KS Supreme Court docket Holds Annexation Settlement Invalid

This put up was authored by Amy Lavine, Esq.

The Kansas Supreme Court docket held in July {that a} written settlement between two cities to limit their future annexations was unenforceable.

The settlement at situation was executed in 2006 between the Metropolis of Olathe and the Metropolis of Spring Hill, and it delineated the boundary for every metropolis’s annexation authority for the realm positioned between the 2 cities; the Metropolis of Olathe agreed to not annex property south of the boundary line, the Metropolis of Spring Hill agreed to not annex property north of the road, and each cities reserved their rights to annex properties inside their respective boundary strains. The settlement didn’t embody any expiration date and as an alternative acknowledged that it will stay in impact till it was terminated by the mutual consent of each cities. In 2021, the Metropolis of Spring Hill notified the Metropolis of Olathe that it’s meant to annex property north of the boundary line, in contravention to the settlement. This prompted the Metropolis of Olathe to begin litigation to implement the settlement.

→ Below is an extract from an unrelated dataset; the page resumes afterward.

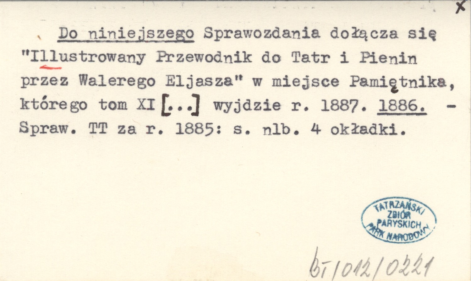 Do niniejszego Sprawozdania dołącza się "Illustrowany Przewodnik do Tatr i Pienin przez Walerego Eljasza" w miejsce Pamiętnika, którego tom XI [...] wyjdzie r. 1887. 1886

Upon overview, the Kansas Supreme Court docket concluded that the settlement was unenforceable as a governmental motion that would not bind subsequent metropolis councils, and it declined to grant the Metropolis of Olathe’s request for injunctive aid. The court docket defined that its determination was based mostly on the “longstanding frequent regulation rule that an elected governing physique could not use its legislative energy to constrain future governing our bodies to comply with basic coverage selections.” Because the court docket defined:

The essence of this rule lies within the basic philosophy of American democracy. Inside the constraints of constitutionally protected rights, it’s the will of the voters that determines coverage selections. If an elected governing physique is allowed to bind future our bodies to a specific plan of action, the impact is to silence the need of voters sooner or later…. To carry in any other case would invite elected governing our bodies to make their insurance policies everlasting, defeating the flexibility of future voters to set their very own programs, resulting in archaic laws, stagnation, and an incapability to reply to modified circumstances.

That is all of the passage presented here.